At the beginning of 2019 we tried something new in Togo: With an app, we wanted to improve and above all simplify the flow of information between family farmers and gebana. Michael Stamm, member of our development team, talks about the experiment and how we will continue.
Earlier this year you started testing the app Smartfarm in Togo. With the app, you want to collect data like the name and age of the farmers, the risk of pesticide contamination and the harvest quantities. How did the test go?
Michael Stamm: At the beginning, everything was a bit bumpy. The mobile network in Togo is still relatively unreliable, especially in rural areas, you can hardly send text messages. The app is allowing the user to work offline on the field and doing synchronisation when user have access to a good connection. However even with a proper connection we had problems with data synchronization. So, the app developer helped us to disable some functions of the app that were useless to us. For example, attaching pictures to the farmer profile. This made the synchronization more reliable.

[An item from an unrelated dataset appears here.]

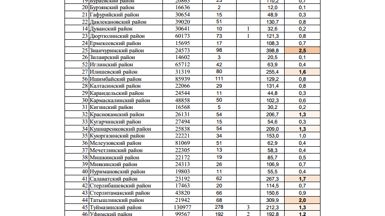 Список заболеваемости включил в себя 9 городов и 54 района республики.

Agent training was also really difficult. We distributed android phones to each of our agents and had to give them proper trainings. Despite various trainings, an important follow up had to be done from the office to make sure the users are fulfilling the correct data. Since July, we’re no longer testing and the app is officially in use.
What do you use the collected data for?
If you want organic certification, you have to disclose how you work. We need to know the farmer’s name, his age, how long he has been working with us, what he grows, what quantities he can deliver and whether he uses pesticides. In the past, we have already collected this kind data. But it was much more complicated
Why is that?
Back in the day, our consultants went to the farmers in the field and asked them all these questions. They recorded their answers on paper. With their paper documents, they went back to the office and then transferred everything into an Excel document and later into our database. This may work if you have a few farmers. With more than 5000 farmers, however, this is anything but efficient.
What do the farmers say about the app?
Basically, the farmers don’t care because nothing has changed for them. They already had to provide us with this kind of information. Anyhow, some are a bit unhappy, because through area audit we can create a very accurate picture of their cultivated areas. But that means that they have to walk the whole area with us. That used to be easier for them: When we asked them how much land they work, they could just say "half a hectare" and the job was done. Now it’s a bit more effort, but result is much more precise.
What are your next steps?
We have already visited about 3000 farmers and recorded their data. That means there 2000 more to go. I myself have to train the managers and consultants here in Togo, so they all know how to work with the app. Only then we will be able to build an accurate database. After the first step where we entered all data necessary for organic inspections, we now enter all the data from purchase activities such as volumes bought per farmer, cash transfer and pre-financing.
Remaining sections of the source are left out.